-- TASK STATEMENT --
Pictures appear among the records below and must be omitted. Repeat exactly the lines from the line with "誕生日6月18日セット おたんじょうびおめでとうございます 笑う門には福来たる国産梅万上金箔入り梅酒500ml" to the line with "2.01m x 1.55m", both included.
==== INPUT DATA
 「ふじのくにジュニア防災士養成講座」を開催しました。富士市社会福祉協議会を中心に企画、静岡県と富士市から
========
==== INPUT DATA
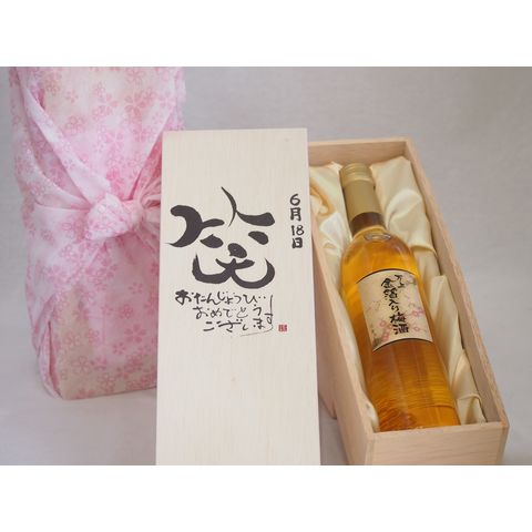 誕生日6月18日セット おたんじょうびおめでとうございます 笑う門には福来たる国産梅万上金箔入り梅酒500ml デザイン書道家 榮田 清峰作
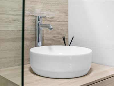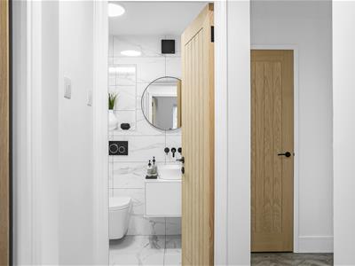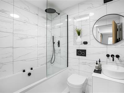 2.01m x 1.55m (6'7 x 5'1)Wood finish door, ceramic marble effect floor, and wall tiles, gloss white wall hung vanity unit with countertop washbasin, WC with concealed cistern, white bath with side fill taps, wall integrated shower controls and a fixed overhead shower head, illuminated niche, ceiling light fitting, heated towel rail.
========
-- TASK OUTPUT --
 誕生日6月18日セット おたんじょうびおめでとうございます 笑う門には福来たる国産梅万上金箔入り梅酒500ml デザイン書道家 榮田 清峰作
 2.01m x 1.55m (6'7 x 5'1)Wood finish door, ceramic marble effect floor, and wall tiles, gloss white wall hung vanity unit with countertop washbasin, WC with concealed cistern, white bath with side fill taps, wall integrated shower controls and a fixed overhead shower head, illuminated niche, ceiling light fitting, heated towel rail.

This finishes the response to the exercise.